Although Noel Gallagher was always the de facto boss of the group ever since they started, being able to party with someone like Liam Gallagher back in the day would have meant testing the limit of your liver every single time you hit the pub. They were never known to mess around whenever they started the after-show activities, but even when working on their later projects, Noel felt that there were some people who could never have worked with the band because of their own antics.
If you take a wider look at the band’s history, Noel was always considered the most responsible one in the group. That might sound insane considering he was the one with the quote about drugs being like having a cup of tea in the morning, but whenever a show mattered, he was always the one trying to be responsible while everyone else was off their faces. But after their botched show at the Whisky-A-Go-Go, something definitely felt different. The temperature had changed, and if you weren’t on Noel’s good side, you were probably going home.
Which probably explains why some of their later albums meant the band fracturing. Bonehead wasn’t about to slow down because of Noel cleaning up, and even though he wasn’t exactly the same party animal he was during the Be Here Now, apparently, his boozing wasn’t quite balanced enough for Noel when making Standing on the Shoulder of Giants. While that album was still decent, though, you didn’t truly feel the band’s second incarnation until Heathen Chemistry came out.

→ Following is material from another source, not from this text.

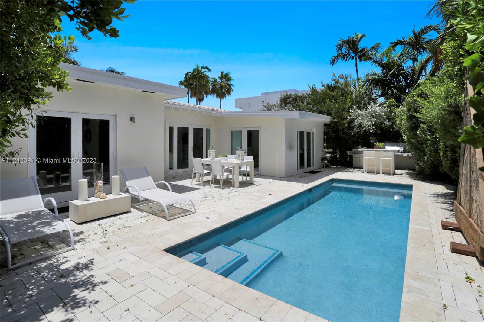 The hidden Oasis! Its a Jewel. With 4 BR 2 Baths this dazzling Designer Home blends itself beautifully to a variety of Decors from mid-century modern to more exotic looks from different regions of the Globe. It is a collective Fusion which creates a warm whimsical Environment that you can call home. Enjoy chilling on the Pool with multiple fountains, having BBQ on the Patio with Friends. Enjoy entertaining Evenings from the open Kitchen and Dining Area looking out to the expansive Pool Area. This house will be your wonderful retreat.

The album wasn’t poor by any stretch, but Noel seemed to take his foot off the gas a little bit. The band could be a democracy if it wanted to, but after Alan White left the fold, it felt like the band had the next best thing in Zak Starkey. A band of the biggest Beatles fanatics getting Ringo Starr’s son was almost too easy a choice for Don’t Believe the Truth, but there was a good chance that Terry Kirkbride could have joined the fold as well.
After all, the beginnings of the band’s fifth album were all about going back to their old stomping grounds and working with Death In Vegas, but from the moment they started work, the vibe just didn’t feel right. Kirkbride wasn’t a poor drummer by any means, but when talking about the sessions afterwards, Noel felt that the drummer was way too antsy to even come close to what Oasis were capable of.
They hadn’t mellowed out just yet, but compared to every other member focusing on the songs, Noel felt that Kirkbride would succumb to the rock and roll lifestyle way too quickly, saying, “We had another friend of ours called Terry Kirkbride who actually drums on ‘Mucky Fingers’ on the record. He drummed on all the stuff, but we already asked Zak if he would do the tour. We love [Terry] to bits, but he’s a fairly chaotic character. Not that he’s unreliable, but he’s the kind of guy that would probably get lost on tour. He would get lost in Brazil and you’d never see him again.”
Even though that sounds like a bona fide party animal, the fact that Noel did use Kirkbride on some of his solo gigs around the same time tells a bit of a different story. There’s no telling what he does in his downtime, but the fact that he was mellow enough to play the drums on the all-acoustic show Sittin’ Here in Silence is a good sign that he knew when to tone things down when the time came.
Still, the fact that Kirkbride ended up partying his way out of Oasis before playing a single show is almost funny compared to where they had been. No one in their right mind would have called the Be Here Now era level-headed by any stretch, but the fact that the band had enough wits about them to leave their drummer friend behind says a lot about who they were working with.